Some argue that the act should have been stricter. Others have argued that employment equity should rely more on moral suasion rather than legal remedies. Among those who argue for strictness, the act has been criticized as an example of "soft-law", meaning token penalties combined with an overly casual use of compliance statistics. Other researchers have argued for a more conciliatory approach based on self-regulation, employee participation, and appeals to employers’ sense of self-interest. Some have also contended that employment equity is in conflict with the Canadian Human Rights Act which prohibits discrimination on the basis of gender, race, ethnicity, and certain other grounds, since biasing hiring practices to prefer designated groups is necessarily discriminatory against non-designated groups. However, the equality section of the Canadian Charter of Rights and Freedoms explicitly permits (but does not require) affirmative action type legislation. Subsection 2 of Section 15 states that the equality provisions do "not preclude any law, program or activity that has as its object the amelioration of conditions of disadvantaged individuals or groups including those that are disadvantaged because of race, national or ethnic origin, colour, religion, sex, age or mental or physical disability."
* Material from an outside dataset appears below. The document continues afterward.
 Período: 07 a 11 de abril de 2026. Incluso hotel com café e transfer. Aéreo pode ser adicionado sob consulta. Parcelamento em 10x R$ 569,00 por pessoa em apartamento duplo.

In July 2010, controversy arose when a Caucasian woman, Sara Landriault, was barred from applying for employment in a federal agency because she was not in a racial minority. This incident led Stockwell Day, then president of the Treasury Board of Canada, to announce a review of employment equity.
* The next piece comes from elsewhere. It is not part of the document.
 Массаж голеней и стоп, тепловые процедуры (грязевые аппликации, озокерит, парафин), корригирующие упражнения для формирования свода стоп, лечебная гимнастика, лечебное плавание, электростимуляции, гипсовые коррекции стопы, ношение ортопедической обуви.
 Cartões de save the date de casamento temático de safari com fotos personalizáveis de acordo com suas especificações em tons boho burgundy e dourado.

== Distinct from other human rights concepts ==
Section 15 of the Canadian Charter of Rights and Freedoms states in Subsection (1) that, "Every individual is equal before and under the law and has the right to the equal protection and equal benefit of the law without discrimination and, in particular, without discrimination based on race, national or ethnic origin, colour, religion, sex, age or mental or physical disability." Subsection (2) states that "Subsection (1) does not preclude any law, program or activity that has as its object the amelioration of conditions of disadvantaged individuals or groups including those that are disadvantaged because of race, national or ethnic origin, colour, religion, sex, age or mental or physical disability."

The Canadian Human Rights Act has long prohibited discrimination on the basis of gender, race, ethnicity, and certain other grounds. The Canadian Human Rights Act continues to be in force alongside the Employment Equity Act. The key distinction between the two laws is that the Canadian Human Rights Act merely prohibits discrimination, whereas the Employment Equity Act requires employers to engage in proactive measures to improve the employment opportunities of the four specific groups listed above. Note that the Canadian Human Rights Act protects a wider range of minorities (such as sexual minorities and religious minorities), while the Employment Equity Act limits its coverage to the aforementioned four protected groups. In Canada, employment equity is a specific legal concept, and should not be used as a synonym for non-discrimination or workplace diversity.

Employment equity should not be confused with pay equity, which is an entirely distinct concept. Pay equity, as a Canadian legal term, refers to the legal requirement that predominantly female occupations be paid the same as predominantly male occupations of equal importance within a given organization.

One way of understanding the distinction between employment equity and pay equity (comparable worth) is to note that they take different approaches to dealing with the problem of predominantly female occupations being underpaid. Employment equity aims to increase the number of women in well-paid occupations. In contrast, pay equity implicitly recognizes how difficult it is to integrate predominantly male occupations, and instead aims to increase the pay of predominantly female occupations. Employment equity addresses the situation of Indigenous peoples, visible minorities, and people with disabilities, whereas pay equity addresses solely the dilemma that predominantly female occupations tend to be underpaid.